Schneider compared sponsored ads, introduced by Amazon in 2014, to a striker on a football team: the position that scores the most visible goals. But he argued that many brands still build their entire retail media strategy around that one position. “Imagine you’re a football coach and you’re just fielding two strikers,” he said. “Do you think this would be a good strategy to win the match?” The analogy set up his broader argument that full-funnel marketing, not performance media alone, is where retail media needs to go next.
He backed that argument with figures on how complicated the modern customer journey has become. Customers now cross more than ten touchpoints before a purchase. Only a small share of consumers say they recall the ads they see as relevant. More than 60 percent of advertisers describe measurement as a challenge. Schneider said this pushes many teams toward simpler last-click attribution, since it’s easier to report, even though it credits only the final touchpoint in a much longer journey.
Schneider organized the rest of the session around three qualities. He said these define brands that succeed at full-funnel planning: reach, being present where customers actually spend their time; relevance, reaching them with the right message at the right moment; and memory, understanding how each touchpoint along the way contributes to the eventual outcome.
On reach, he pointed to Amazon DSP’s access to premium inventory beyond Amazon’s own properties. This includes streaming partners like Prime Video, where roughly a third of UK adults watch content at least monthly, as well as other premium video and connected TV publishers.
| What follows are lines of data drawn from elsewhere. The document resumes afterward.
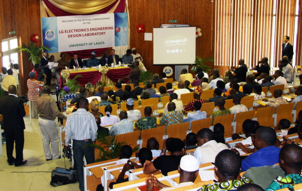 | <'LG 디자인 랩' 개소식에는 나이지리아 하원 부의장 치부돔 누체 (Chibudom Nwuche)를 비롯해 라고스 대학 톨루 오둑배미(Tolu Odugbemi) 총장과 교수진, 그리고 현지 유력 인사 등 200여 명이 참석해 성황을 이뤘다.> |
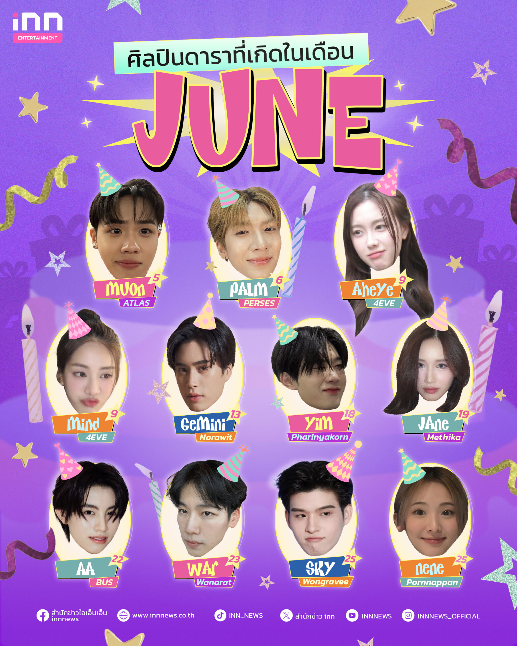 สำหรับ นักแสดง-ศิลปิน ที่เกิดในเดือนมิถุนายนนี้ ทางเราก็ขอให้ ศิลปิน และ นักแสดงทุกคน มีความสุข มีผลงานปัง ๆ ออกมาให้พวกเราและเหล่าแฟนคลับได้ติดตามกัน และขอให้ทุกคนถูกค้นพบมากขึ้นเรื่อยๆ ขอให้สนุกกับสิ่งที่ทำต่อไปนะ ทางเราพร้อมที่จะซัพพอร์ตพวกคุณเสมอ ขอให้มีวันที่ดีนะ ❤︎
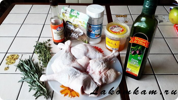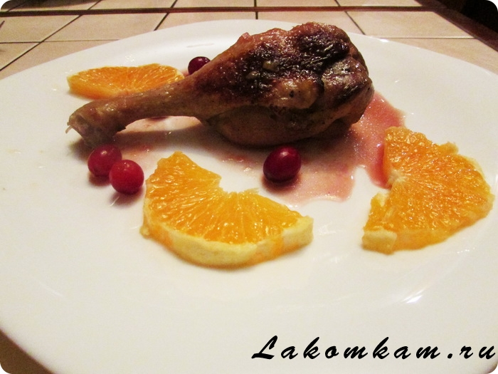 Ингредиенты: утиные окорочка – 4 штуки; оливковое масло, мед, вустерский соус — для смазки; соль, перец, розмарин свежий, тимьян свежий — по вкусу; апельсин – 1 штука; клюква, сахар — по вкусу.
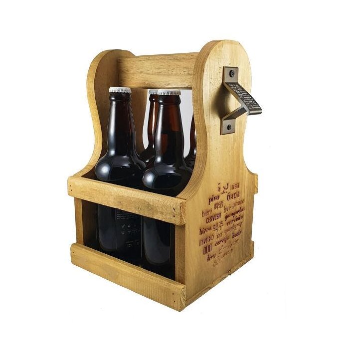 *ENGRADADO EM MADEIRA PARA 4 CERVEJAS 500 ML OU 600 ML E ABRIDOR DE GARRAFAS COM ÍMÃ*
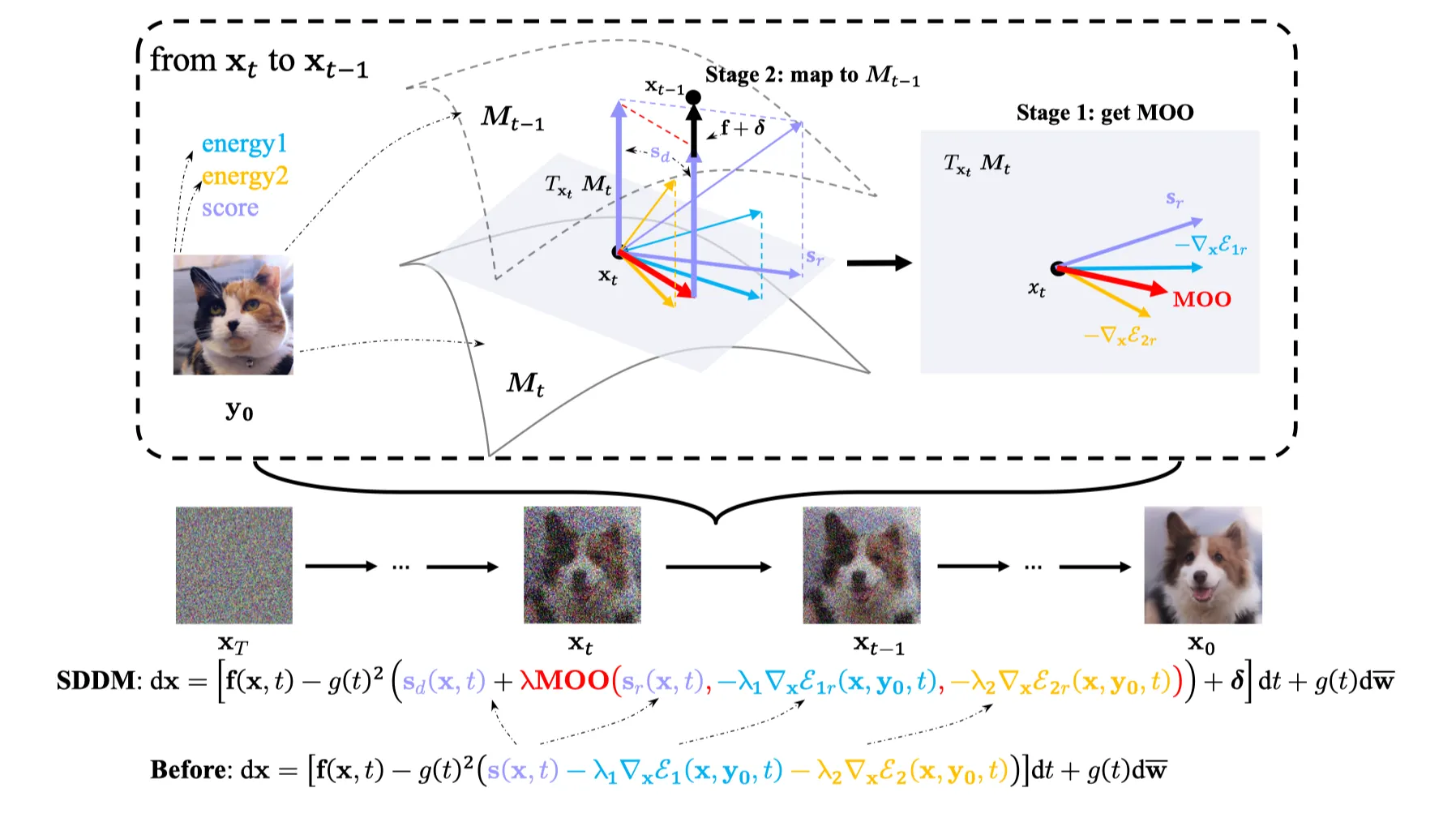 이를 극복하기 위해, 저자는 score function을 새로운 manifold 상에서 정의하고 분해 (decompose) 할 것을 제안합니다. 이를 통해 더욱 나은 에너지 가이던스와 statistical 가이던스를 제공할 수 있다고 주장한다.
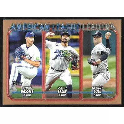 This is a 2024 Topps Gold Chris Bassitt, Zach Eflin and Gerrit Cole League Leaders baseball card. The card is #57 and pictures show condition. This card is limited; #'d 1796/2024.

On relevance, Schneider described Amazon’s use of contextual advertising. AI analyzes the content of a web page or video to align an ad with its surroundings, placing a smart watch ad within a fitness article, for example, or an action camera ad inside a sports film. He also introduced interactive video ads that let viewers add a product to their cart directly from a connected TV. This addresses what he described as a common gap: a viewer sees an ad, means to look up the product on a second screen, and forgets before they get the chance.
Schneider’s closing point centered on measurement itself. Amazon Marketing Cloud already lets brands connect upper and mid-funnel activity to sales and upload their own data for deeper customer insight. Later in the year, Amazon planned to introduce multi-touch attribution, moving away from last-click models that give all the credit to the final touchpoint, typically the sponsored ad. In early testing, Schneider said, sponsored TV saw a 24 percent increase in attributed impact once earlier touchpoints were properly credited.
He closed by posing three questions for brands to ask themselves. Are you maximizing reach by being present where customers spend their time? Are you reaching the right customer with the right message at the right moment? Are you genuinely planning full-funnel, rather than stitching channels together after the fact?